Needing to leave my leave?
By Lisa Henderson-Newlin
I’m currently out on medical leave for... you guessed it... medical issues. Yes, that hangnail finally got to be unbearable and I had to take time off to get it properly treated.
All that office paperwork only exacerbated the pain, which is why my workers’ compensation suit is pending.
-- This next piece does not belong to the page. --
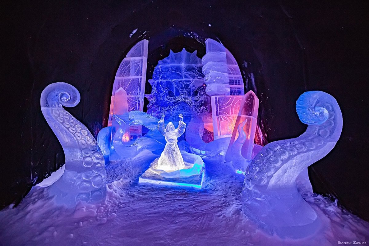 В Кировске начала работу "Снежная деревня". Темой скульптур 14 сезона стали "Лабиринты снов".

While away from the practice of law for a few weeks, I’ve learned some things and come to some realizations. First, co-pays are expensive and my doctors don’t offer a buy one get one free promotion.
Trust me, I asked.
Second, I’ve learned that daytime TV is just as bad as you remembered it. Fortunately, I’ve also discovered The Game Show Network and multiple episodes of “Match Game,” so at least my afternoons are ______ (fill in the blank).
Third, I’ve learned that I miss practicing law. Believe me, no one is more shocked at this revelation than I am. Although being off work for medical treatment isn’t pleasant, I figured being away from my practice for a few weeks would at least be the silver lining. I was wrong.
Being wrong is new territory for me and I’m not sure how to handle it. Please don’t tell my husband.
Don’t get me wrong, I’ve enjoyed time away from the office. However, I’ve had to make adjustments to my life to compensate for what I’m missing by not working.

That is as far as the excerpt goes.